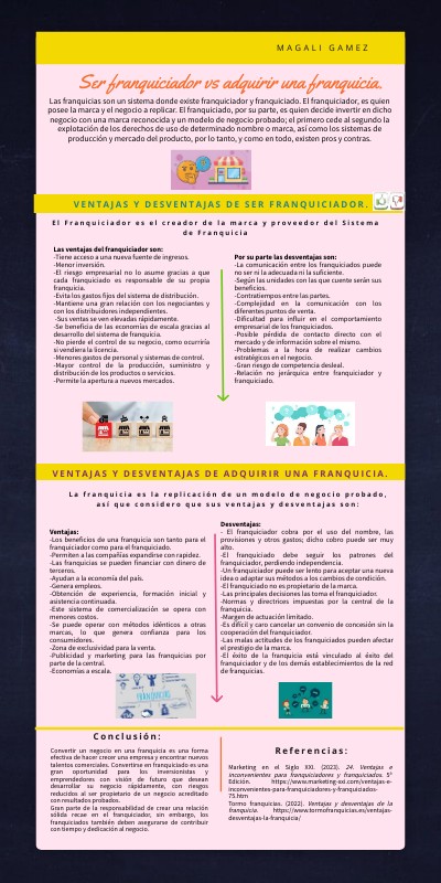 Marketing en el Siglo XXI. (2023). 24. Ventajas e inconvenientes para franquiciadores y franquiciados. 5ª Edición. https://www.marketing-xxi.com/ventajas-e-inconvenientes-para-franquiciadores-y-franquiciados-75.htmTormo franquicias. (2022). Ventajas y desventajas de la franquicia. https://www.tormofranquicias.es/ventajas-desventajas-la-franquicia/
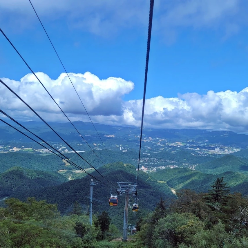 발왕산 정상까지 오르며 몇 개의 산봉우리를 거쳐 갔는지 모른다. 새삼 국내 최장 길이 케이블카라는 것이 실감 나는 순간. 산봉우리 하나를 넘어 '이게 끝인가?' 싶으면 아직 더 남았고, '이젠 끝났겠지?' 싶은데도 더 남았던 기억이 있다. 이 첩첩산중에 케이블카를 설치한 것 자체가 대단해 보일 정도.
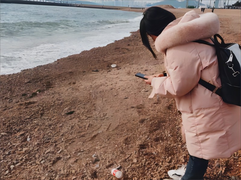 同时,团队成员还采访了海滩周边居民和参与清理工作的志愿者(因受访者不愿露面,本次采访仅以文字形式记录)。受访者是一位冬泳爱好者,长期居住在大连,他表示自己经常来星海这片海域进行运动,对沙滩上的垃圾情况有一定了解。据他描述,沙滩整体较为干净,垃圾问题并不严重。星海湾区域有组织定期清理沙滩,主要采用人工清理的方式,目前尚未使用机器替代。他认为,如果未来能够实现机器代替人工清理沙滩,将极大地提高工作效率,并期待相关技术能够得到广泛应用。在采访结束后,团队成员在沙滩边发现了一包已经打包好的垃圾,经过询问得知,这些垃圾会在晚上统一运送至垃圾场,整个处理过程均由人工完成。
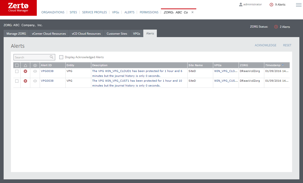 The alerts for a specific ZORG are displayed in the ZORG Alerts tab.
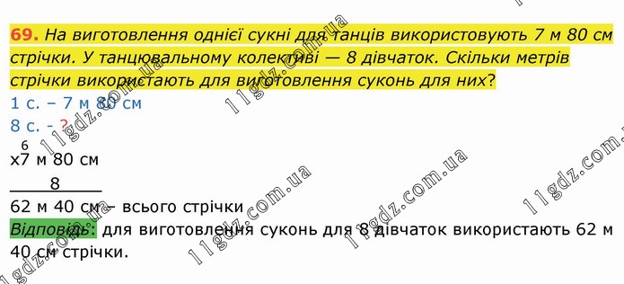 На виготовлення однієї сукні для танців використовують 7 м 80 см стрічки. У танцювальному колективі — 8 дівчаток. Скільки метрів стрічки використають для виготовлення суконь для них? 1 с. – 7 м 80 см 8 с. - ?
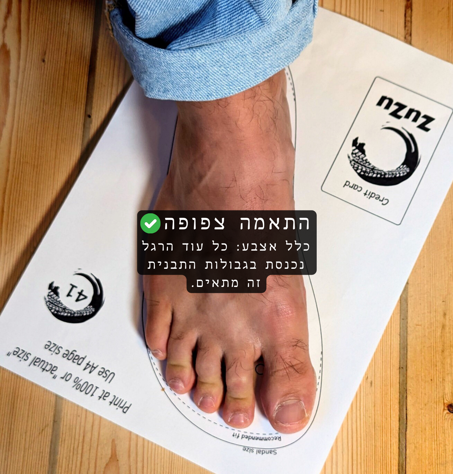 | מידה | אורך הסנדל (ס"מ) | הדפסה |
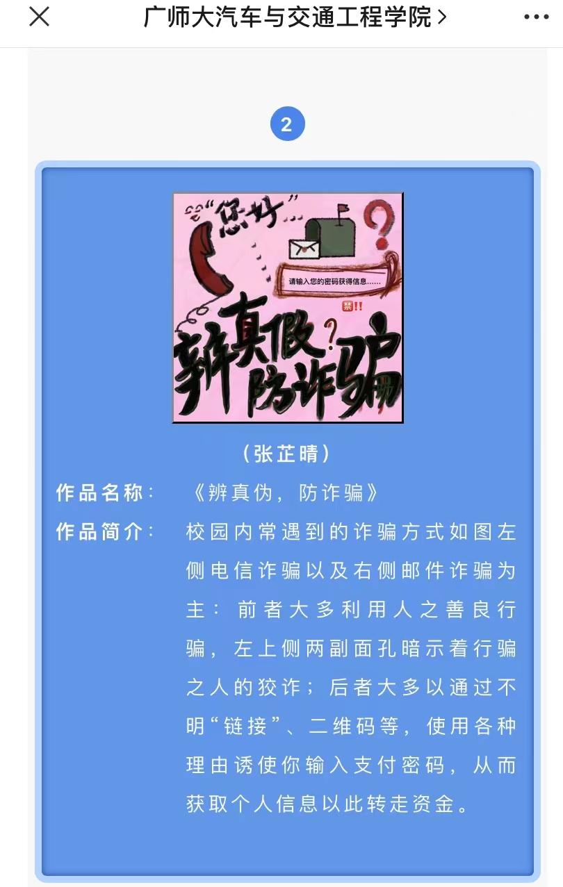 员工踊跃报名参赛,提交平面设计的方式展现金融诈骗、电信诈骗和不良校园贷等诈骗手段。公司通过公司公众号展示优秀作品,普及金融、反诈知识,让同学们能更直观地了解到诈骗手段的多样性,引导大家自觉增强个人财产的保护意识,坚决做到“不轻信,不透露,不转账”,不给诈骗分子可乘之机。

..........

What you return from the records above should be exactly everything from the line with "발왕산 정상까지 오르며" down to the line with "同时,团队成员还采访了海滩周", both kept, and no pictures.

 발왕산 정상까지 오르며 몇 개의 산봉우리를 거쳐 갔는지 모른다. 새삼 국내 최장 길이 케이블카라는 것이 실감 나는 순간. 산봉우리 하나를 넘어 '이게 끝인가?' 싶으면 아직 더 남았고, '이젠 끝났겠지?' 싶은데도 더 남았던 기억이 있다. 이 첩첩산중에 케이블카를 설치한 것 자체가 대단해 보일 정도.
 同时,团队成员还采访了海滩周边居民和参与清理工作的志愿者(因受访者不愿露面,本次采访仅以文字形式记录)。受访者是一位冬泳爱好者,长期居住在大连,他表示自己经常来星海这片海域进行运动,对沙滩上的垃圾情况有一定了解。据他描述,沙滩整体较为干净,垃圾问题并不严重。星海湾区域有组织定期清理沙滩,主要采用人工清理的方式,目前尚未使用机器替代。他认为,如果未来能够实现机器代替人工清理沙滩,将极大地提高工作效率,并期待相关技术能够得到广泛应用。在采访结束后,团队成员在沙滩边发现了一包已经打包好的垃圾,经过询问得知,这些垃圾会在晚上统一运送至垃圾场,整个处理过程均由人工完成。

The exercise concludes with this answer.